Leave every picture behind and copy the rest of the entries below exactly.

....

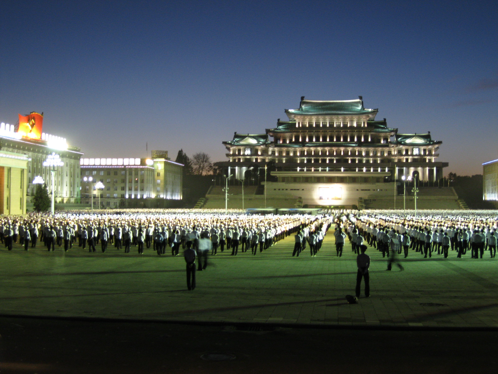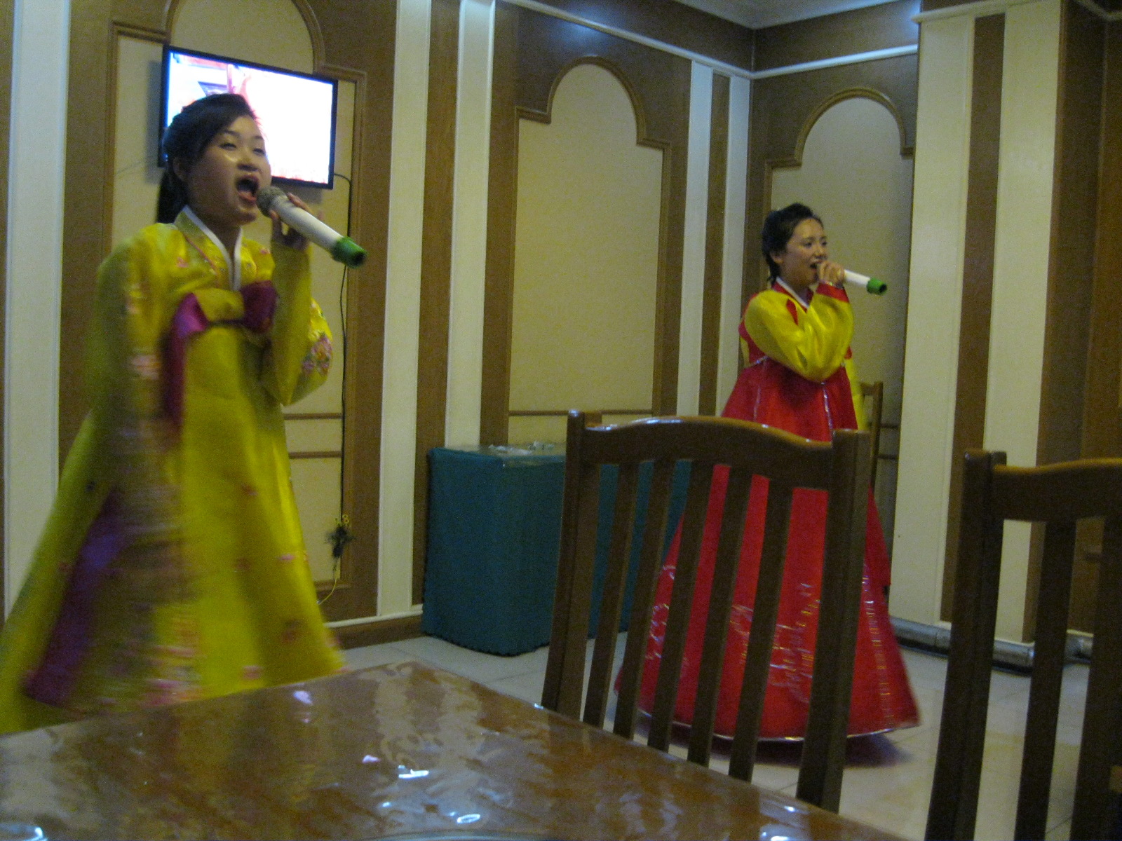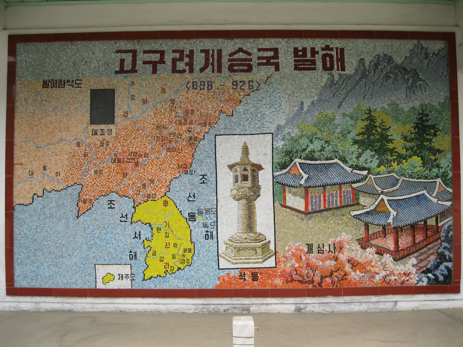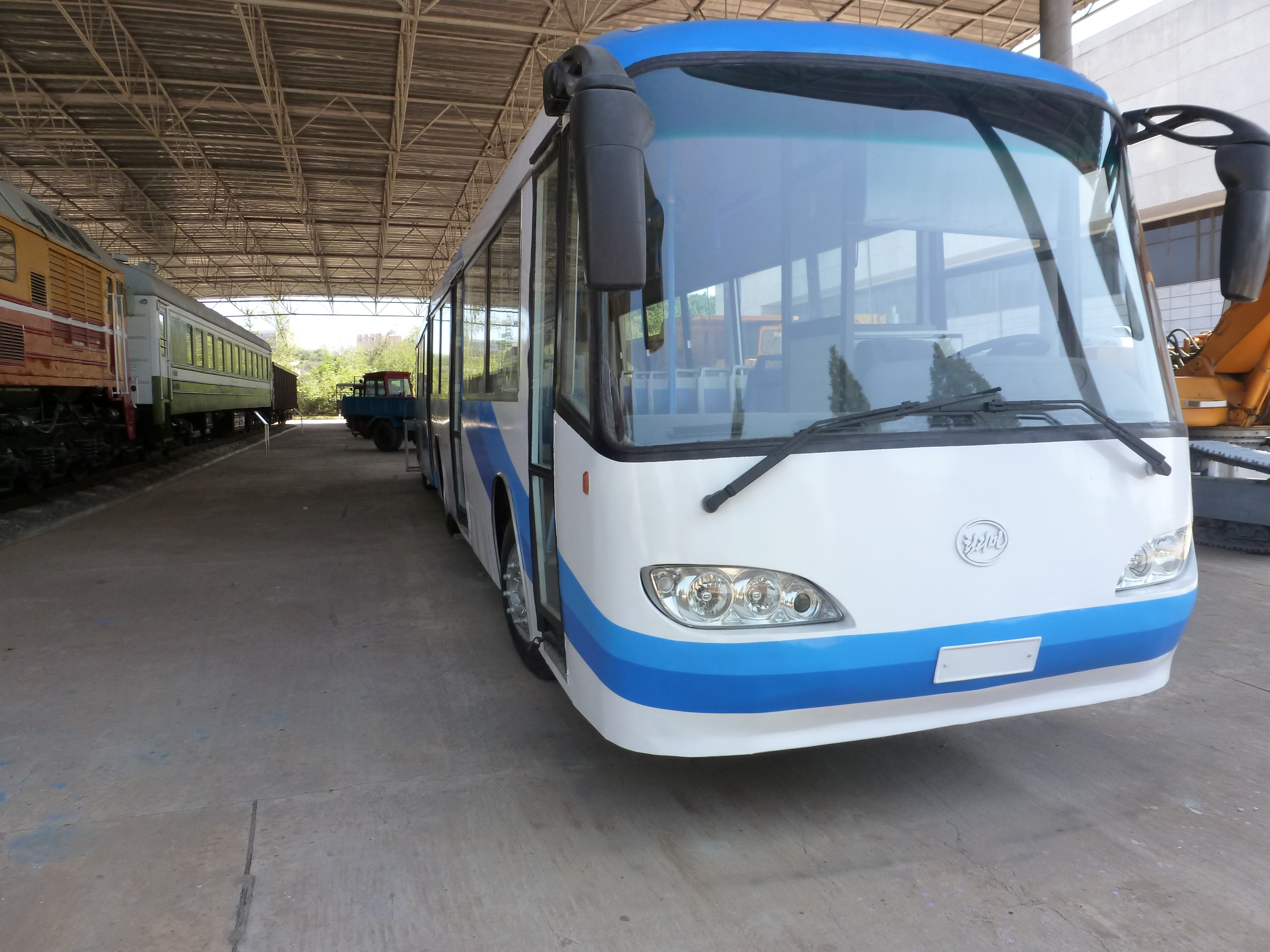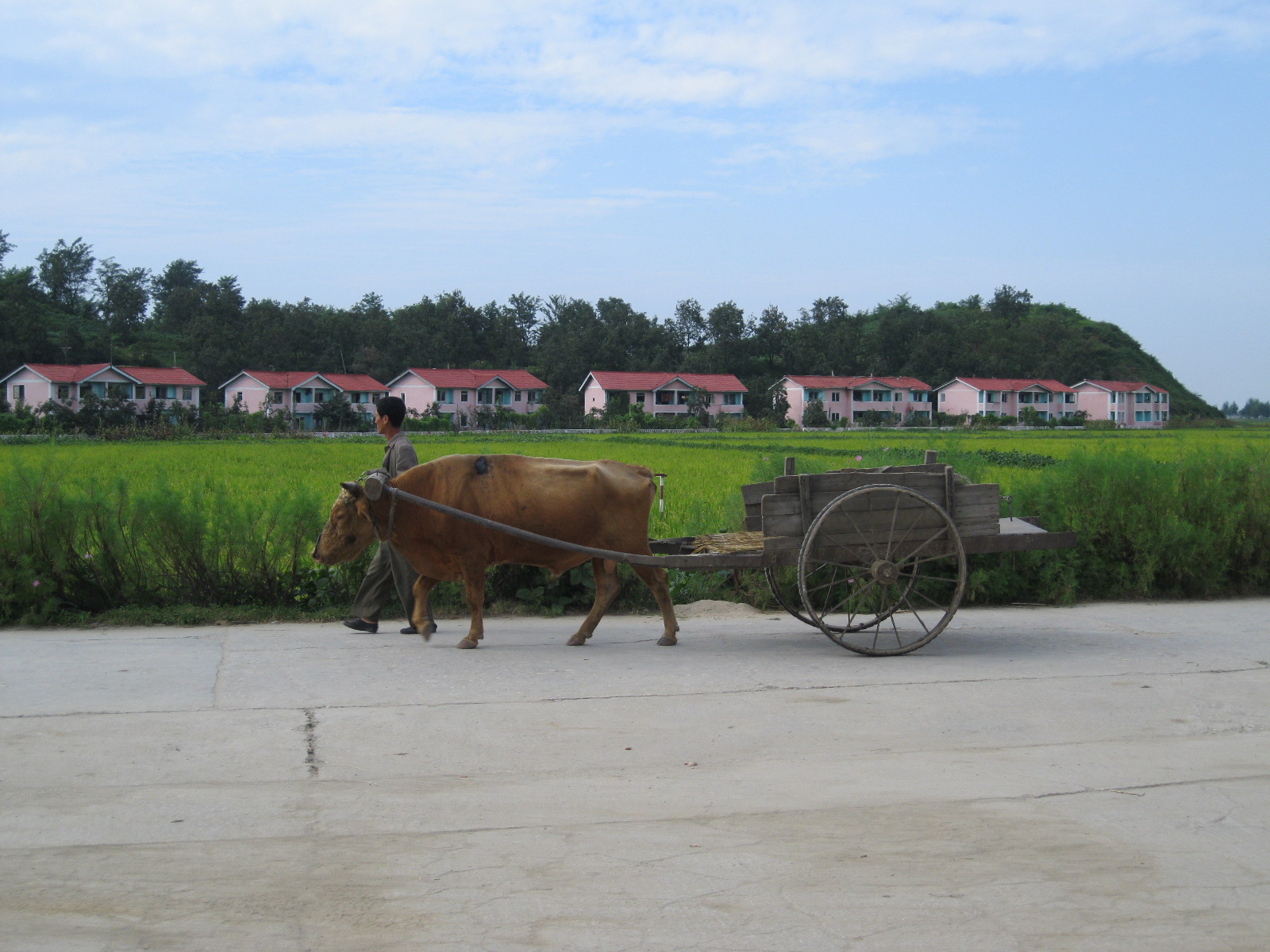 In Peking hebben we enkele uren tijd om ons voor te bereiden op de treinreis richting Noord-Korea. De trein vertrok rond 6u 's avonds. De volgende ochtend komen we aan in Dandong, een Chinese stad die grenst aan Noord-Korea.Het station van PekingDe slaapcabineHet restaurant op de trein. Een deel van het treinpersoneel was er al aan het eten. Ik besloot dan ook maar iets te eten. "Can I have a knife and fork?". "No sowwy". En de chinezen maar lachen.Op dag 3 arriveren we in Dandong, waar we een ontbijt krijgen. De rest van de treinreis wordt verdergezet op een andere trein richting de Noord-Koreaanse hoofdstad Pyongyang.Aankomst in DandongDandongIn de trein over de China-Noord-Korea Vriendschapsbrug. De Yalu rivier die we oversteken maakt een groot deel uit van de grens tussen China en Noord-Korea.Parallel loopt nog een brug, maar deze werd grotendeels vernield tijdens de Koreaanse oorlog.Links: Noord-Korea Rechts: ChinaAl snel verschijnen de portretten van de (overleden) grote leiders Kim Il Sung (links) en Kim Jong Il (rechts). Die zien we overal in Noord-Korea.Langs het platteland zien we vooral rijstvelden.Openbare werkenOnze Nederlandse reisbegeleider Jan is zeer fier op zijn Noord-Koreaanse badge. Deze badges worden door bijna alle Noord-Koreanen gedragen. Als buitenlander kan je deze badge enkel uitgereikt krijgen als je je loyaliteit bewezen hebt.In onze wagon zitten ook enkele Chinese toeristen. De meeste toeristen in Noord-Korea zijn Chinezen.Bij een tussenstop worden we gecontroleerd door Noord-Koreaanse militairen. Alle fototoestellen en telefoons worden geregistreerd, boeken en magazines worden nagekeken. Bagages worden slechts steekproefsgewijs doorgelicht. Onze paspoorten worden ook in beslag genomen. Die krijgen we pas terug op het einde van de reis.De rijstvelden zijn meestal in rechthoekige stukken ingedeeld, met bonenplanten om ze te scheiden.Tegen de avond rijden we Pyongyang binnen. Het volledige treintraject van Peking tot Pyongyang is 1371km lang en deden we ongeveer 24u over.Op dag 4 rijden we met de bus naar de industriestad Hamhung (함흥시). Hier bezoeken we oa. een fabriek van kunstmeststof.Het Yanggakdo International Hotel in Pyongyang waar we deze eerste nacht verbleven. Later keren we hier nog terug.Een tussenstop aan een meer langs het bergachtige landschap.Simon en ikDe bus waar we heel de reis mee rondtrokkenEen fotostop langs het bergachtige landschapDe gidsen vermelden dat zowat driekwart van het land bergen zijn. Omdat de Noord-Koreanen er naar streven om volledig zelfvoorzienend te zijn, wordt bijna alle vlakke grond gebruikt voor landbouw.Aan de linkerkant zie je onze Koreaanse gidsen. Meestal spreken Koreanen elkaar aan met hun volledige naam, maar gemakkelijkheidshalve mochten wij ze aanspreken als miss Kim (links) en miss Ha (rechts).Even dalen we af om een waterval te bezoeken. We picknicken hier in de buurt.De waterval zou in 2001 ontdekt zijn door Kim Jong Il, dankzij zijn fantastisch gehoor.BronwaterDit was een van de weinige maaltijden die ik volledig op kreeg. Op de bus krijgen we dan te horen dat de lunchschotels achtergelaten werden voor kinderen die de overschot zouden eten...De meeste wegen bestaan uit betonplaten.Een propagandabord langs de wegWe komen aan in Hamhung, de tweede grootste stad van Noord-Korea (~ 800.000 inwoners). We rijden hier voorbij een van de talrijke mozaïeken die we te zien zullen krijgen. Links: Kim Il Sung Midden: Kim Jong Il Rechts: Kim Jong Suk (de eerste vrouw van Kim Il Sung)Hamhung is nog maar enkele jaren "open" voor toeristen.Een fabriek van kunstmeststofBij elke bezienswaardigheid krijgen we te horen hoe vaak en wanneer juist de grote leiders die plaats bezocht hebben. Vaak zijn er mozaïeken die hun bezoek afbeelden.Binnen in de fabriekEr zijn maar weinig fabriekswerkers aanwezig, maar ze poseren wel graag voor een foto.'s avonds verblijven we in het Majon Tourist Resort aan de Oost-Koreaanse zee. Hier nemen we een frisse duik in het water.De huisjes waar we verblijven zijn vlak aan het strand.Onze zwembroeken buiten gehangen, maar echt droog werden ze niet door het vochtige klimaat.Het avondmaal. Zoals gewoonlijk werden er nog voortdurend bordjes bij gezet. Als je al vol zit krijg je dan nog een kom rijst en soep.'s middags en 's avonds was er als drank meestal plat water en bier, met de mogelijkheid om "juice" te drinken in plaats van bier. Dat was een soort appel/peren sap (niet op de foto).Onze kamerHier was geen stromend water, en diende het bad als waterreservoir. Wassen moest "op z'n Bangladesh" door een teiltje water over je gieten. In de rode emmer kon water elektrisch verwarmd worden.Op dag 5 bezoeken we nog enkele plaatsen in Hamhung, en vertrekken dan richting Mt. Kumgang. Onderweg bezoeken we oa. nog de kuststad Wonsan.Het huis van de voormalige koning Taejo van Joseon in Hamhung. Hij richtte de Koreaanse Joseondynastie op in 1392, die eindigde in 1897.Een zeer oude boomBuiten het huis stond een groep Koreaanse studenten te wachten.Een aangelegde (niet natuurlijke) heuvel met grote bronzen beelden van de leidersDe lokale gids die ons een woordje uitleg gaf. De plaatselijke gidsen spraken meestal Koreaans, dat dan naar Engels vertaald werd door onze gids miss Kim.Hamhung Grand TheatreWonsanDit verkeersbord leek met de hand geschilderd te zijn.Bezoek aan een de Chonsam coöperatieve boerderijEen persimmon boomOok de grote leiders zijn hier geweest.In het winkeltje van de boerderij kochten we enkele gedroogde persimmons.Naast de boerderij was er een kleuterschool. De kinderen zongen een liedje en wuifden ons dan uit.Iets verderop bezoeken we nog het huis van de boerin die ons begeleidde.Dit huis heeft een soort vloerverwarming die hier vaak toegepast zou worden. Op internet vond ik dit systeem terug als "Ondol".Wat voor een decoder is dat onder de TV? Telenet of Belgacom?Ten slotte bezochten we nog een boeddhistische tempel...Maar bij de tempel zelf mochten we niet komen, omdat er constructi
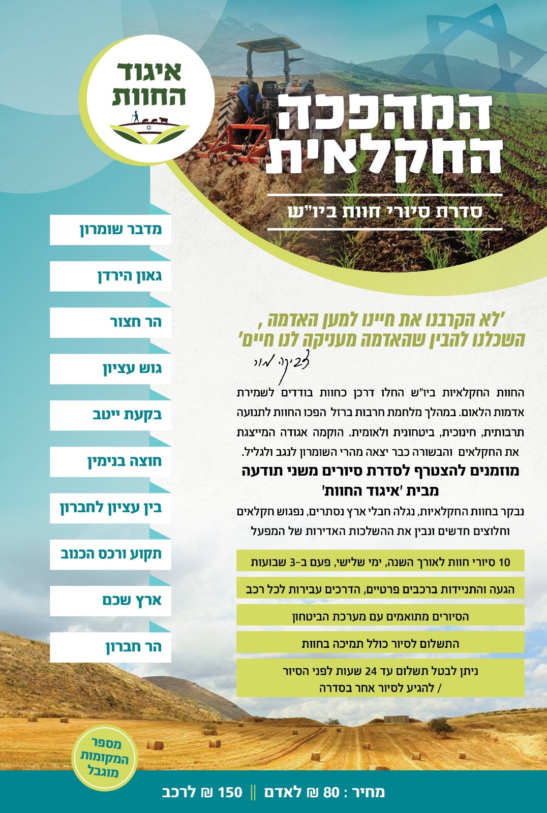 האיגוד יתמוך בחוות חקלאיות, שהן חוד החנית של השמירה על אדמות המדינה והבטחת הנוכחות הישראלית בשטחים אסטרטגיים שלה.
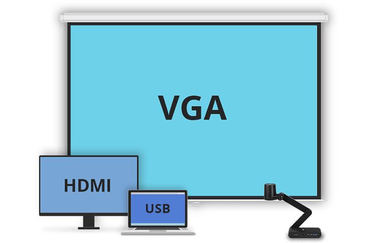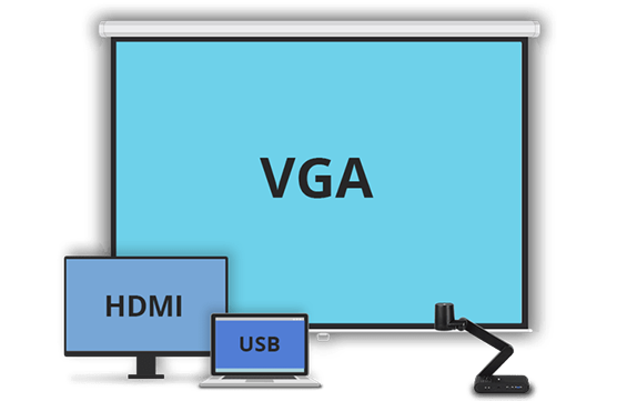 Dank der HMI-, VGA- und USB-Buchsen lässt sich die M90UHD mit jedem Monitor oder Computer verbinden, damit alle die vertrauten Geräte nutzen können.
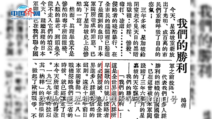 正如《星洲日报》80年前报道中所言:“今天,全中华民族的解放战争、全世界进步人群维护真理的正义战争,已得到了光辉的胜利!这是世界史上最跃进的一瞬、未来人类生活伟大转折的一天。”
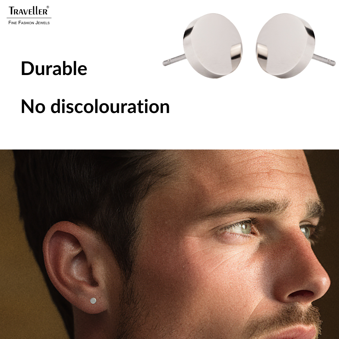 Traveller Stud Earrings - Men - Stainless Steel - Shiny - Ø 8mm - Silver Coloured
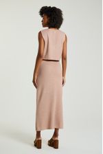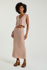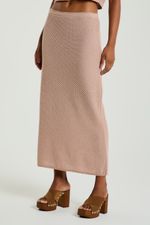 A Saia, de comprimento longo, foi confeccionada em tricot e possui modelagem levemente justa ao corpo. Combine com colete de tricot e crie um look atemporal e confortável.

....

COMPLETED EXERCISE ->
 In Peking hebben we enkele uren tijd om ons voor te bereiden op de treinreis richting Noord-Korea. De trein vertrok rond 6u 's avonds. De volgende ochtend komen we aan in Dandong, een Chinese stad die grenst aan Noord-Korea.Het station van PekingDe slaapcabineHet restaurant op de trein. Een deel van het treinpersoneel was er al aan het eten. Ik besloot dan ook maar iets te eten. "Can I have a knife and fork?". "No sowwy". En de chinezen maar lachen.Op dag 3 arriveren we in Dandong, waar we een ontbijt krijgen. De rest van de treinreis wordt verdergezet op een andere trein richting de Noord-Koreaanse hoofdstad Pyongyang.Aankomst in DandongDandongIn de trein over de China-Noord-Korea Vriendschapsbrug. De Yalu rivier die we oversteken maakt een groot deel uit van de grens tussen China en Noord-Korea.Parallel loopt nog een brug, maar deze werd grotendeels vernield tijdens de Koreaanse oorlog.Links: Noord-Korea Rechts: ChinaAl snel verschijnen de portretten van de (overleden) grote leiders Kim Il Sung (links) en Kim Jong Il (rechts). Die zien we overal in Noord-Korea.Langs het platteland zien we vooral rijstvelden.Openbare werkenOnze Nederlandse reisbegeleider Jan is zeer fier op zijn Noord-Koreaanse badge. Deze badges worden door bijna alle Noord-Koreanen gedragen. Als buitenlander kan je deze badge enkel uitgereikt krijgen als je je loyaliteit bewezen hebt.In onze wagon zitten ook enkele Chinese toeristen. De meeste toeristen in Noord-Korea zijn Chinezen.Bij een tussenstop worden we gecontroleerd door Noord-Koreaanse militairen. Alle fototoestellen en telefoons worden geregistreerd, boeken en magazines worden nagekeken. Bagages worden slechts steekproefsgewijs doorgelicht. Onze paspoorten worden ook in beslag genomen. Die krijgen we pas terug op het einde van de reis.De rijstvelden zijn meestal in rechthoekige stukken ingedeeld, met bonenplanten om ze te scheiden.Tegen de avond rijden we Pyongyang binnen. Het volledige treintraject van Peking tot Pyongyang is 1371km lang en deden we ongeveer 24u over.Op dag 4 rijden we met de bus naar de industriestad Hamhung (함흥시). Hier bezoeken we oa. een fabriek van kunstmeststof.Het Yanggakdo International Hotel in Pyongyang waar we deze eerste nacht verbleven. Later keren we hier nog terug.Een tussenstop aan een meer langs het bergachtige landschap.Simon en ikDe bus waar we heel de reis mee rondtrokkenEen fotostop langs het bergachtige landschapDe gidsen vermelden dat zowat driekwart van het land bergen zijn. Omdat de Noord-Koreanen er naar streven om volledig zelfvoorzienend te zijn, wordt bijna alle vlakke grond gebruikt voor landbouw.Aan de linkerkant zie je onze Koreaanse gidsen. Meestal spreken Koreanen elkaar aan met hun volledige naam, maar gemakkelijkheidshalve mochten wij ze aanspreken als miss Kim (links) en miss Ha (rechts).Even dalen we af om een waterval te bezoeken. We picknicken hier in de buurt.De waterval zou in 2001 ontdekt zijn door Kim Jong Il, dankzij zijn fantastisch gehoor.BronwaterDit was een van de weinige maaltijden die ik volledig op kreeg. Op de bus krijgen we dan te horen dat de lunchschotels achtergelaten werden voor kinderen die de overschot zouden eten...De meeste wegen bestaan uit betonplaten.Een propagandabord langs de wegWe komen aan in Hamhung, de tweede grootste stad van Noord-Korea (~ 800.000 inwoners). We rijden hier voorbij een van de talrijke mozaïeken die we te zien zullen krijgen. Links: Kim Il Sung Midden: Kim Jong Il Rechts: Kim Jong Suk (de eerste vrouw van Kim Il Sung)Hamhung is nog maar enkele jaren "open" voor toeristen.Een fabriek van kunstmeststofBij elke bezienswaardigheid krijgen we te horen hoe vaak en wanneer juist de grote leiders die plaats bezocht hebben. Vaak zijn er mozaïeken die hun bezoek afbeelden.Binnen in de fabriekEr zijn maar weinig fabriekswerkers aanwezig, maar ze poseren wel graag voor een foto.'s avonds verblijven we in het Majon Tourist Resort aan de Oost-Koreaanse zee. Hier nemen we een frisse duik in het water.De huisjes waar we verblijven zijn vlak aan het strand.Onze zwembroeken buiten gehangen, maar echt droog werden ze niet door het vochtige klimaat.Het avondmaal. Zoals gewoonlijk werden er nog voortdurend bordjes bij gezet. Als je al vol zit krijg je dan nog een kom rijst en soep.'s middags en 's avonds was er als drank meestal plat water en bier, met de mogelijkheid om "juice" te drinken in plaats van bier. Dat was een soort appel/peren sap (niet op de foto).Onze kamerHier was geen stromend water, en diende het bad als waterreservoir. Wassen moest "op z'n Bangladesh" door een teiltje water over je gieten. In de rode emmer kon water elektrisch verwarmd worden.Op dag 5 bezoeken we nog enkele plaatsen in Hamhung, en vertrekken dan richting Mt. Kumgang. Onderweg bezoeken we oa. nog de kuststad Wonsan.Het huis van de voormalige koning Taejo van Joseon in Hamhung. Hij richtte de Koreaanse Joseondynastie op in 1392, die eindigde in 1897.Een zeer oude boomBuiten het huis stond een groep Koreaanse studenten te wachten.Een aangelegde (niet natuurlijke) heuvel met grote bronzen beelden van de leidersDe lokale gids die ons een woordje uitleg gaf. De plaatselijke gidsen spraken meestal Koreaans, dat dan naar Engels vertaald werd door onze gids miss Kim.Hamhung Grand TheatreWonsanDit verkeersbord leek met de hand geschilderd te zijn.Bezoek aan een de Chonsam coöperatieve boerderijEen persimmon boomOok de grote leiders zijn hier geweest.In het winkeltje van de boerderij kochten we enkele gedroogde persimmons.Naast de boerderij was er een kleuterschool. De kinderen zongen een liedje en wuifden ons dan uit.Iets verderop bezoeken we nog het huis van de boerin die ons begeleidde.Dit huis heeft een soort vloerverwarming die hier vaak toegepast zou worden. Op internet vond ik dit systeem terug als "Ondol".Wat voor een decoder is dat onder de TV? Telenet of Belgacom?Ten slotte bezochten we nog een boeddhistische tempel...Maar bij de tempel zelf mochten we niet komen, omdat er constructi
 האיגוד יתמוך בחוות חקלאיות, שהן חוד החנית של השמירה על אדמות המדינה והבטחת הנוכחות הישראלית בשטחים אסטרטגיים שלה.
 Dank der HMI-, VGA- und USB-Buchsen lässt sich die M90UHD mit jedem Monitor oder Computer verbinden, damit alle die vertrauten Geräte nutzen können.
 正如《星洲日报》80年前报道中所言:“今天,全中华民族的解放战争、全世界进步人群维护真理的正义战争,已得到了光辉的胜利!这是世界史上最跃进的一瞬、未来人类生活伟大转折的一天。”
 Traveller Stud Earrings - Men - Stainless Steel - Shiny - Ø 8mm - Silver Coloured
 A Saia, de comprimento longo, foi confeccionada em tricot e possui modelagem levemente justa ao corpo. Combine com colete de tricot e crie um look atemporal e confortável.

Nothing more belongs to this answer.